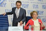 Председатель Государственной думы (ГД) России Сергей Нарышкин (слева) и заместитель председателя ГД, член комитета ГД по труду, социальной политике и делам ветеранов Людмила Швецова (справа) на пресс-конференции, посвященной итогам весенней сессии Государственной думы России. Пресс-конференция прошла в пресс-центре ИТАР-ТАСС.
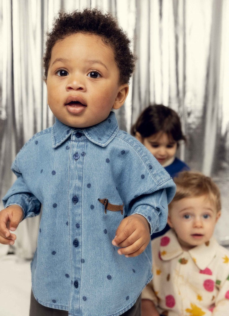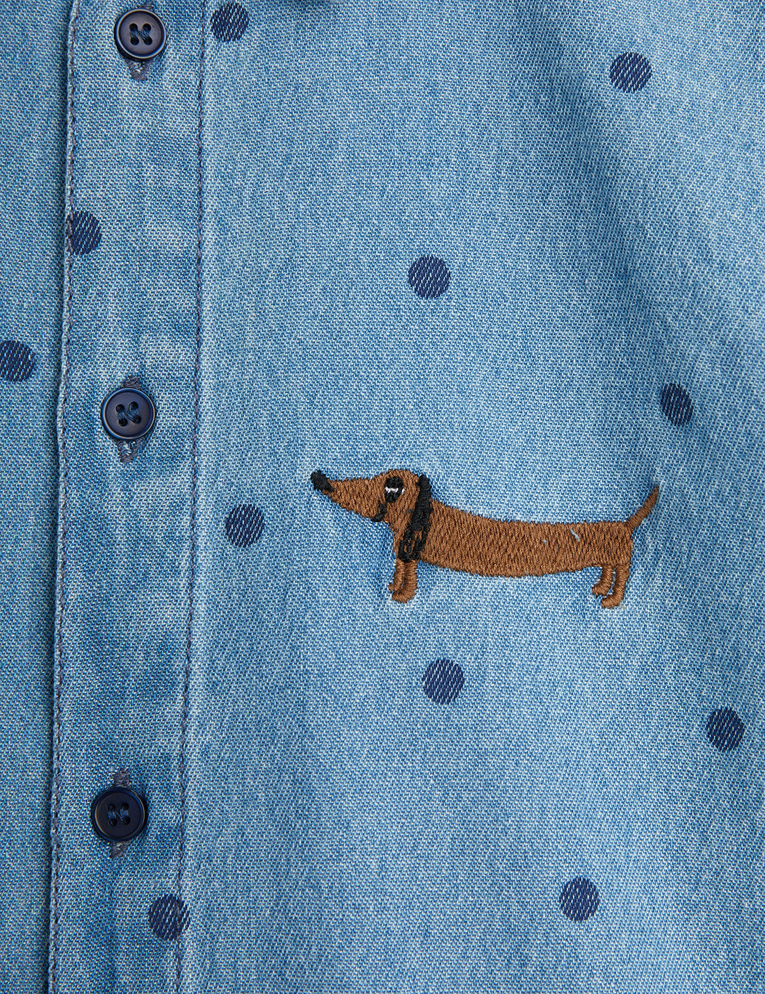 ドット柄とダックスフンド刺繍がアクセントになった、ライトデニムの長袖シャツ。
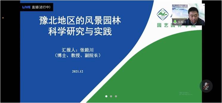 依据疫情防控要求,此次会议采取线上报告的形式。会上,张毅川教授以“豫北地区的风景园林科学研究与实践”为题作专题报告,系统总结了我校风景园林学科的研究成果和研究特色,引起了参会者的广泛关注。中南林业科技大学文亚峰教授作为本次会议的主持人,对本场报告给与了高度评价。

* What you have to do
Begin at the line containing "ドット柄とダックスフンド刺繍がアクセントになった、ライトデニムの長袖シャツ。" and stop at the final line of the data. Retype those lines exactly, without the pictures.

* Solution
 ドット柄とダックスフンド刺繍がアクセントになった、ライトデニムの長袖シャツ。
 依据疫情防控要求,此次会议采取线上报告的形式。会上,张毅川教授以“豫北地区的风景园林科学研究与实践”为题作专题报告,系统总结了我校风景园林学科的研究成果和研究特色,引起了参会者的广泛关注。中南林业科技大学文亚峰教授作为本次会议的主持人,对本场报告给与了高度评价。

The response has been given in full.